The atmosphere and water would be sucked into to the gravity well. You'd end up with no air on top of the platter, and the entire atmosphere in a tight sphere around the dense object.

To prevent this you could use walls around the edge. They would have to be high enough to prevent the air from pouring over the top.

Humans looking out would see right to the edge, and then a huge, impossible wall.

Gravity gradient

A small dense object (like a chunk of neutronium, or a black hole for example) will also generate a significant gravity gradient which would likely be noticeable to anyone living on the surface.

Gravity would be much stronger as you moved closer to the object, possibly lethally strong at the pole, depending on the thickness of the platter.

Gravity would always pull towards the object. Humans near the rim would have thinner air. Walking towards the edge would be like walking uphill. You would weigh less at the rim than at the pole, and would be able to jump higher.

Tendency to a sphere

Objects in space with sufficient mass will tend to become spherical. Rock is brittle. If it becomes unstable it will crack. You will need to account for this.

A note on stability

Ordinary matter would not be dense enough to have sufficient mass to replace the mass of the planet. You would be looking at some type of exotic matter, such as a singularity or neutron star.

At sub-planetary mass, neither of these would be stable, so you'd need some kind of technology to stop them evaporating in a wave of killer radiation. You'd also need some way to prevent the platter from collapsing into the gravity well.

The alternative would be to use some type of alien gravity generator.

A further note on solar radiation shielding

The magnetic core of the earth shields us from high energy solar rays which can strip away a planetary atmosphere. You will need some kind of solar shielding for long term survival. Perhaps your chunk generates a sufficiently powerful magnetic field.
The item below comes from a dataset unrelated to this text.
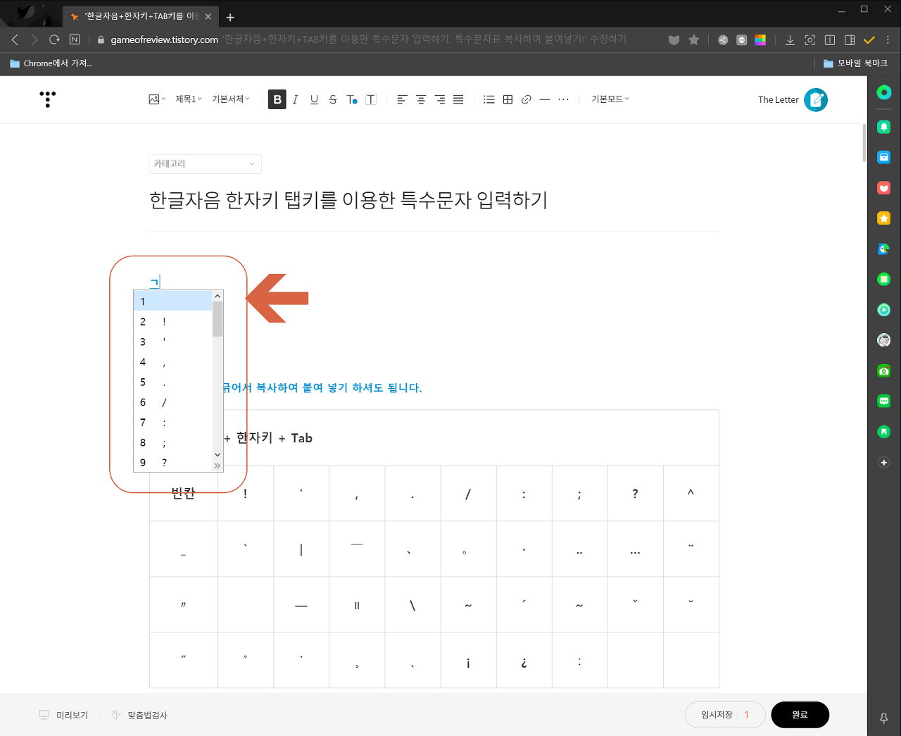 단지 한글자음과 한자키로만 사용을 했었는데, 탭키(TAB)를 추가하면 한눈에 확인할 수 있도록 가로로 펼쳐져서 한결 특수문자를 고르기 수월하게 됩니다.

  • $\begingroup$ "Neutronium" . . . ? $\endgroup$
    – HDE 226868
    Nov 13, 2014 at 22:21
  • $\begingroup$ Matter which has been compressed to such a degree that the neutrons pack together. A teaspoon would weigh approximately two billion tonnes. You'd need some way to keep it stable. en.m.wikipedia.org/wiki/Neutronium $\endgroup$ Nov 13, 2014 at 22:26
  • $\begingroup$ Ah, so like a neutron star. Thanks for the link, btw. $\endgroup$
    – HDE 226868
    Nov 13, 2014 at 22:28
  • $\begingroup$ Yes, the material found in the core of a neutron star. You'd need some kind of future technology to render it stable. $\endgroup$ Nov 13, 2014 at 22:30
  • 2
    $\begingroup$ How about if the "walls" weren't walls, but were the "old" coast line: everyone now lives in the ocean which now contain much less water. The atmosphere is trapped in the top "half" of these trenches, the bottom (ie the old deep-ocean trenches) are now lakes and the old seabed is now the land? $\endgroup$
    – Jon Story
    Dec 9, 2014 at 13:08

Fragments don't remember where they came from.

A fragment of the original planet doesn't remember that it was once part of a planet.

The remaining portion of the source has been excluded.